Sportsmen Since 1968

Groups again sue to re-list Northern Rockies wolves

“We’re back in court to save the wolves and we’ll win again,” said Collette Adkins, carnivore conservation program director at the CBD, in a press release. (Stock photo)

Washington — The Center for Biological Diversity, along with other animal-rights groups, including the Humane Society of the United States and the Sierra Club, is “once again filing a lawsuit to derail scientific wildlife management of wolves,” the Sportsmen’s Alliance reported in an April 8 press release. The groups sued the U.S. Fish and Wildlife Service for the USFWS’s denial of CBD’s petition to relist gray wolves in the Northern Rocky Mountains of the western United States under the Endangered Species Act.

“We’re back in court to save the wolves and we’ll win again,” said Collette Adkins, carnivore conservation program director at the CBD, in a press release.

The petition filed in 2021 by the CBD, HSUS, Humane Society Legislative Fund, and Sierra Club sought to restore federal protections to gray wolves in the northern Rockies. The USFWS denied the petition in February, the CBD release states.

MORE WOLF COVERAGE FROM OUTDOOR NEWS:

An inside look at Michigan’s wolf controversy: Part 2

A question-and-answer look at the ongoing Michigan gray wolf debate

Outdoor Observations: Many questions surrounding wolf shot in southern Michigan

According to the Sportsmen’s Alliance, the USFWS concluded in February that gray wolves in the northern Rockies are not a distinct population segment that could be listed under the ESA and that wolves in the broader western United States, while qualifying as a distinct population, do not warrant listing under the ESA. The USFWS supported the decision by noting that “now and into the foreseeable future, wolves are likely to retain a healthy level of abundance” throughout the western United States.
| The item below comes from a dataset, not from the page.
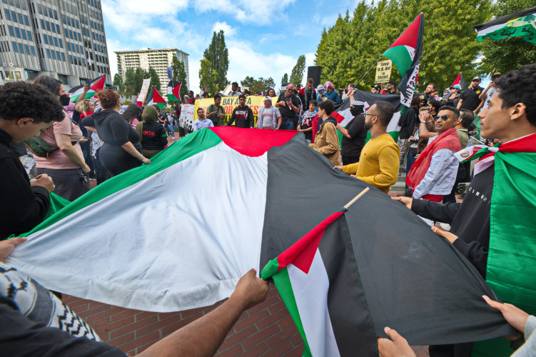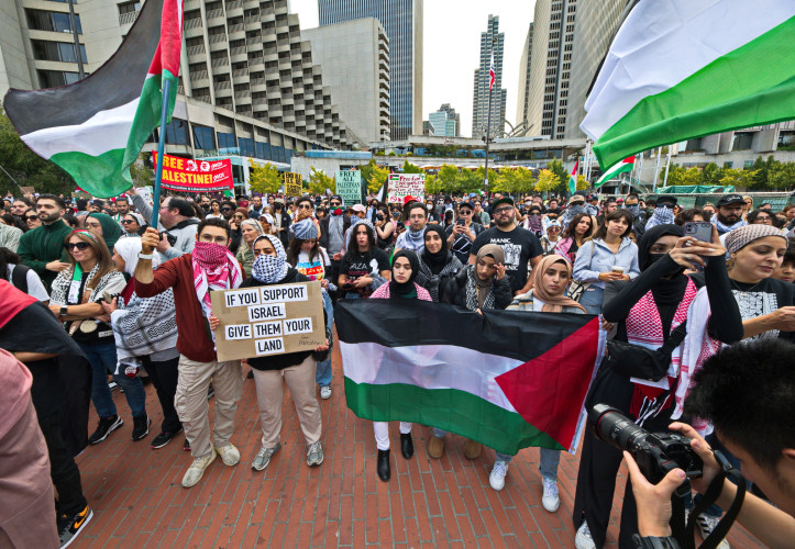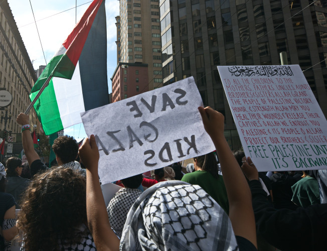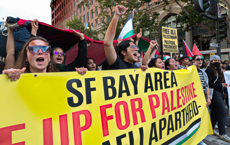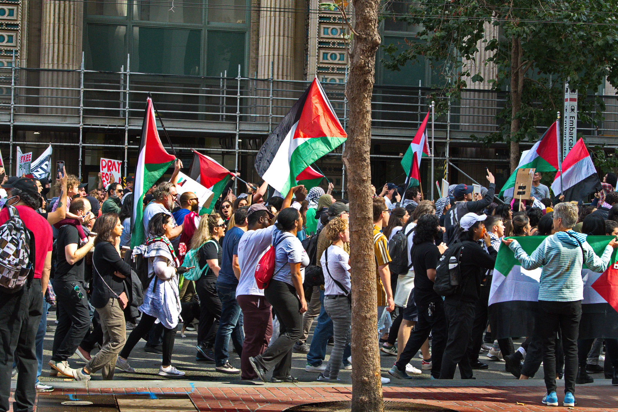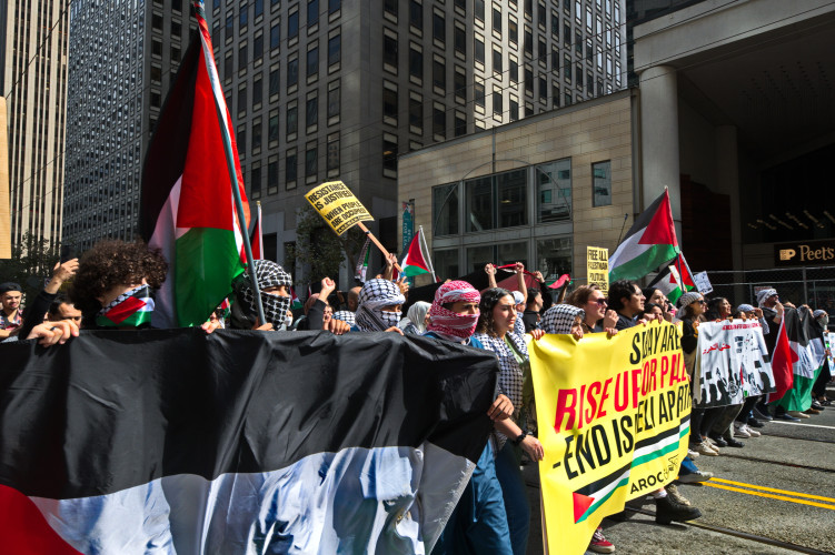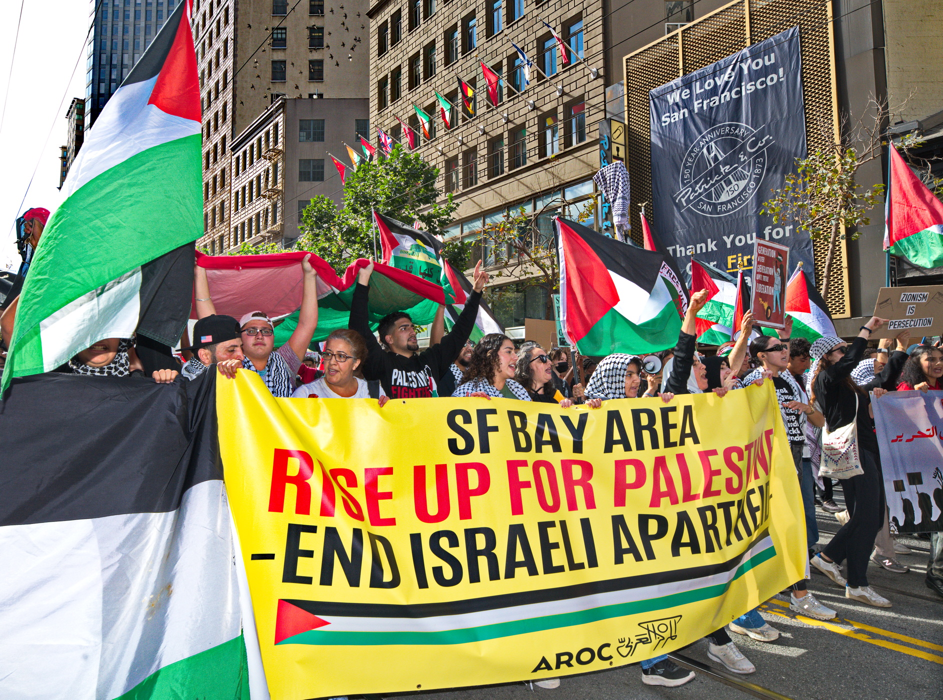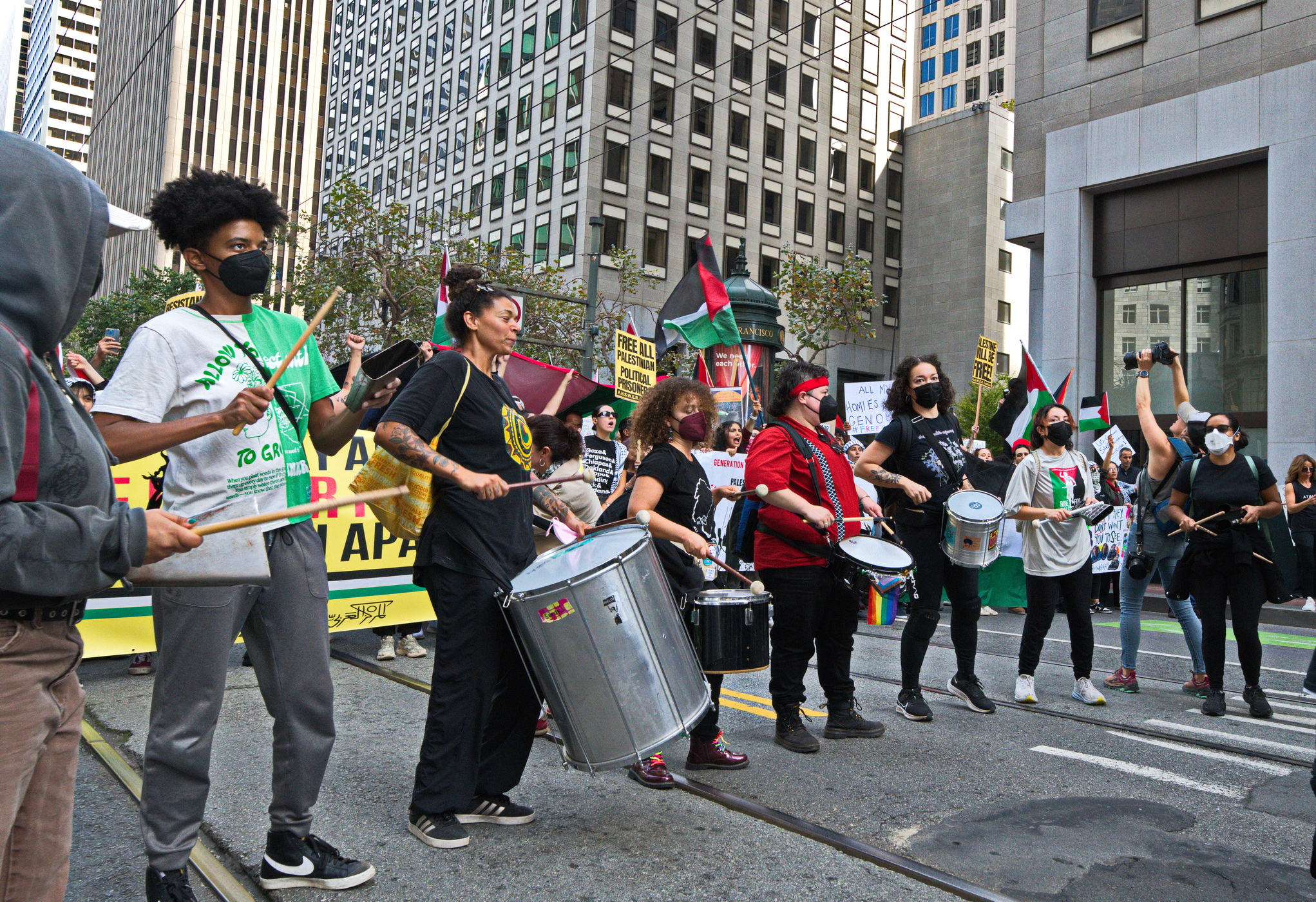On Saturday Oct. 14, San Francisco saw a second demonstration in support of Palestine. At over three thousand people, it was larger than that of the previous week. The action started with a rally at Justin Herman Plaza next the Embarcadero. With intense drumming and many flags, the demonstrators marched down Market Street, looped around, and then returned up Market Street for another rally at Justin Herman Plaza.The Hamas attack caught Israel by surprise, defeating its much vaunted security systems and military and handing the country its most devastating day since its founding in 1948. With the mutual slaughter ongoing, hostility between Palestinians and Israelis has become even more extreme, if possible. "They murdered babies in their cribs" screamed an Israeli. "That's horrible, and do you think that history began last week? Israelis have been murdering and driving Palestinians out of their homes since 1948." replied a Palestinian.

“(The Sportsmen’s Alliance) also supports the delisting of gray wolves elsewhere. Specifically, we filed our own petitions with the USFWS last summer, requesting the service recognize and delist a Western Great Lakes Distinct Population,” its release says.

Wolves in Idaho, Montana, eastern Washington, eastern Oregon, and northern Utah lost federal protections through a congressional legislative rider in 2011. Wolves in Wyoming also lost federal protection in 2012.